= Ronald de Wit =

Professor of medical oncology

Ronald de Wit is a Genito-Urinary medical oncologist, Professor emeritus, from 1990 to 2025 affiliated at the Department of medical oncology at Erasmus University Medical Center in Rotterdam, Netherlands. He is the founding chairman of the Dutch Uro-Oncology Study Group (DUOS).

==Early life and education==
Ronald de Wit was born on August 8, 1955, in Amsterdam. He earned his MD from the University of Amsterdam and became a Registered Specialist in Internal Medicine. In 1990, he completed his training in Medical Oncology and earned his PhD on the topic "Treatment Aspects of AIDS-associated Kaposi’s Sarcoma" comprising research work published in the Lancet

==Research and career==
Ronald de Wit has been the lead investigator or senior author on numerous trials related to germ cell cancer. One trial demonstrated that three cycles of BEP were an adequate treatment for good-risk metastatic disease.

He has been involved in several clinical research projects on prostate cancer. One study
identified docetaxel as an effective treatment for castrate-resistant prostate cancer. He was the Lead author of the CARD trial reported in the New England Journal of Medicine in 2019. His research encompasses both clinical and translational studies, focusing on the interplay between taxanes and the latest hormonal agents, as well as biomarker investigations.

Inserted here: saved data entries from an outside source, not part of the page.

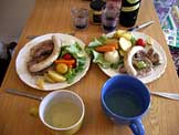 ポークソテー、ソーセージ、レタス、塩茹で野菜、スープ |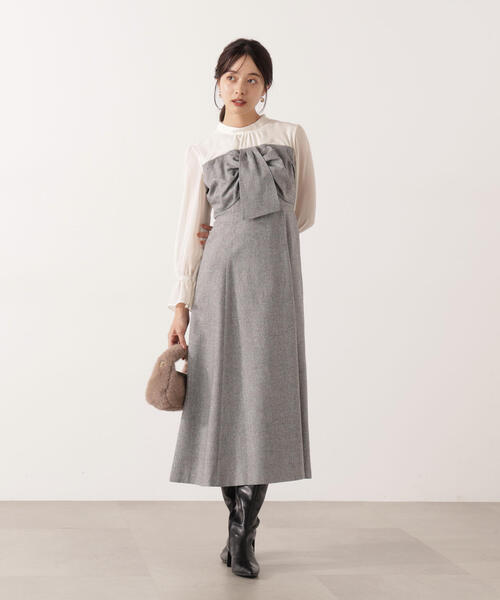 <petit size>通常のSサイズやMサイズから着丈などの長さを短くリサイズし、152cm Aroundの小柄さんにもバランスよく着用いただけるサイズに仕上げています。ZOZO・official site・店舗のみの限定展開です。PS(商品によってはPM/PXSの展開あり)でのサイズ表記になっています。デイリーからお呼ばれシーンまで合うドッキングワンピース。少し透けるシフォンブラウスをレイヤードしたようなデザインで、柔らかい印象に見せてくれます。襟のタックギャザー、胸元リボン、手首が締まったフレアスリーブなど、細かいディテールが効いたデザイン。さり気ないラメ糸混のミックスツイードが華やかな雰囲気を叶えます。<素材>シフォンとツイード素材を使用しています。<詳細>仕様・後ろファスナー裏地・あり透け感・ややあり / 光沢・なし / 伸縮性・なし生地の厚さ・普通※モデルの着用画像の場合、光の当たり具合により、実際の色味と異なって見えることがございます。色味は、商品単体の画像をご参照ください。<商品のお気に入り登録>お気に入りアイテムの値下げ・再入荷・在庫1点などの通知を受け取ることができる便利機能ですので気に入ったアイテムはお気に入り登録がおすすめ!<ショップのお気に入り登録>新商品や再入荷、セール、クーポン配布などお得な情報を受け取ることができます。●撮影はサンプル商品で行っている為、仕様とサイズが異なる場合がございます。●スタジオ及び屋外で撮影した着用画像は、光の当たり具合で色味が違って見える場合があります。予めご了承ください。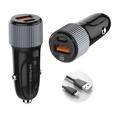 Auto punjac LDNIO C510Q PD/QC3.0 38W sa Type C na iPhone lightning kablom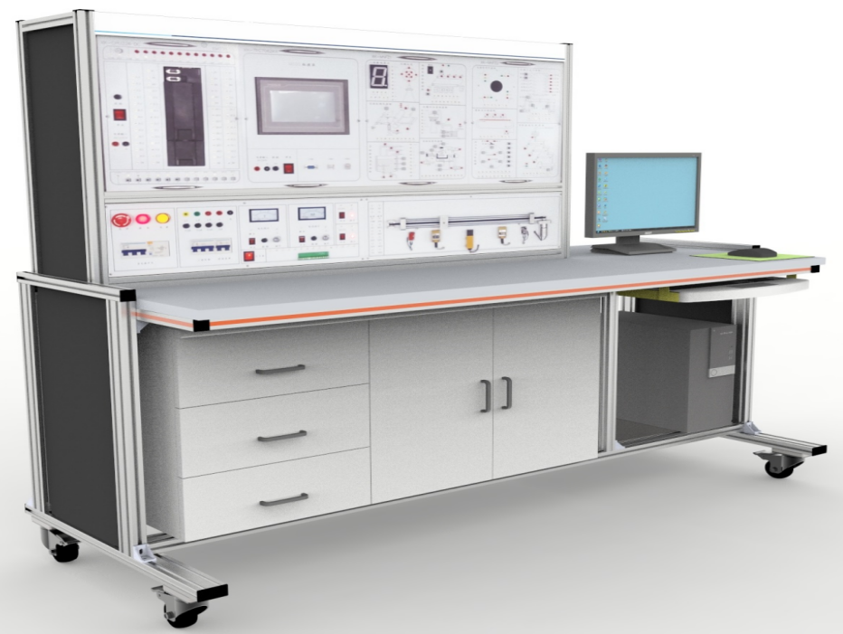 2、臺(tái)架構(gòu)成:實(shí)訓(xùn)臺(tái)采用工業(yè)鋁型材加工。桌面下面放置儲(chǔ)物柜,左側(cè)有3層抽屜,用于存放工具以及實(shí)訓(xùn)資料,右側(cè)為雙拉門式設(shè)計(jì),可以放置實(shí)訓(xùn)掛箱。底部裝有四個(gè)帶鎖止功能的萬(wàn)向輪。柜體后下側(cè)留有電源輸入線。預(yù)留計(jì)算機(jī)放置位置。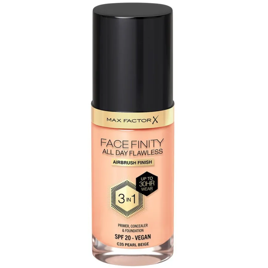 Facefinity All Day Flawless 3-In-1 Foundation er en 3-i-1 flytende foundation som også fungerer som ansiktsprimer og concealer for å tilby opptil 30 timers bruk som varer hele dagen. For en feilfri, langvarig look, er det Max Factor Facefinity All Day Flawless Foundation nå med Climate Proof Protection. Den lette og pustende veganske formelen gir fantastisk dekkevne som skjuler rødhet og ufullkommenhet.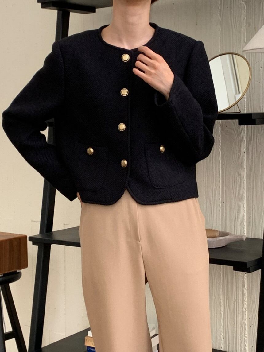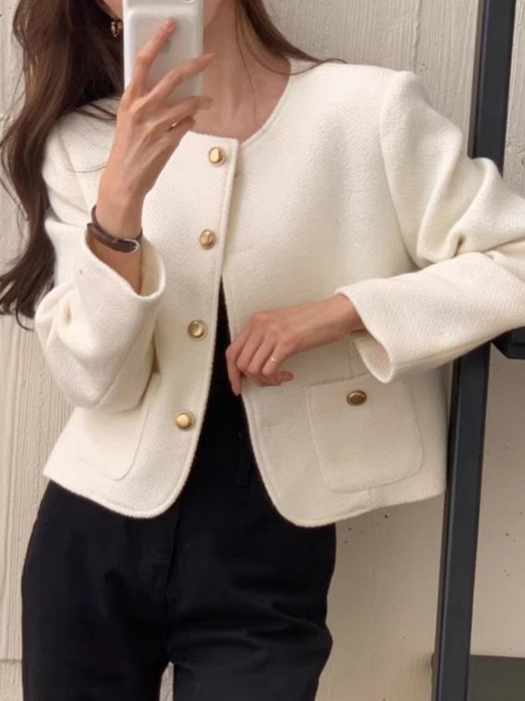 [EWQ] 秋 O ネック長袖ルーズジャケットメタルシングルブレストコートトップオールマッチ ロング オータム 秋物 Oネック

He is also affiliated with the Research Unit for Translational Pharmacology in the Department of Medical Oncology at Erasmus University Medical Center.

During the 2010s, he participated in industry-led immunotherapy trials in urothelial carcinoma Wikipedia Transitional cell carcinoma. These trials paved the way for the approval of Pembrolizumab in both second and first-line treatments, including for non-muscle invasive disease. His contributions extend to translational and immuno-oncology research, specifically on biomarker studies that determine prognostic and predictive factors for checkpoint inhibition.

In addition to his contributions in the treatment of urological cancers, Ronald de Wit has been involved in advancing the management of chemotherapy-induced nausea and vomiting. He introduced a statistical method that revealed the diminishing efficacy of 5HT3 Receptor antagonists as antiemetic treatment over consecutive cycles of therapy, primarily due to their inability to manage delayed nausea effectively.
He played a role in the development and subsequent FDA and EMA approval of the NK1 antagonist aprepitant NK1 receptor antagonist.
His research highlighted that when 5HT3 and NK1 drugs are used in combination, they offer considerably enhanced efficacy throughout multiple cycles due to improved control over delayed nausea and emesis.

He is member of the Academy of Europe.

January 2025 he was awarded Knight in the order of the Netherlands Lion.

==Selected publications==

- De Wit R, Sleijfer S, Kaye SB, Horwich A, Mead B, Sleijfer DT, Stoter G
Bleomycin and scuba diving: where is the harm?
- De Wit R.
Optimal management of germ cell cancer: more a matter of expertise than of chemotherapy regimen.
- van de Wetering RAW, Sleijfer S, Feldman DR, Funt SA, Bosl GJ, de Wit R.
Controversies in the Management of Clinical Stage I Seminoma: Carboplatin a Decade in-Time to Start Backing Out.
- van Soest RJ, Tombal B, Lolkema MP, de Wit R.
Cell-free DNA in Advanced Prostate Cancer: A Biomarker Revolution Under Way?
- de Wit R.
Refinement of the Management of Germ Cell Cancer: What's Next?
- Ronald de Wit, Bertrand Tombal, Stephen Freedland
Use of Chemotherapy and Androgen Signaling-targeted Inhibitors in Patients with Metastatic Prostate Cancer.
- Joaquim Bellmunt, Ronald de Wit, Yves Fradet, et al
Putative Biomarkers of Clinical Benefit With Pembrolizumab in Advanced Urothelial Cancer: Results from the KEYNOTE-045 and KEYNOTE-052 Landmark Trials.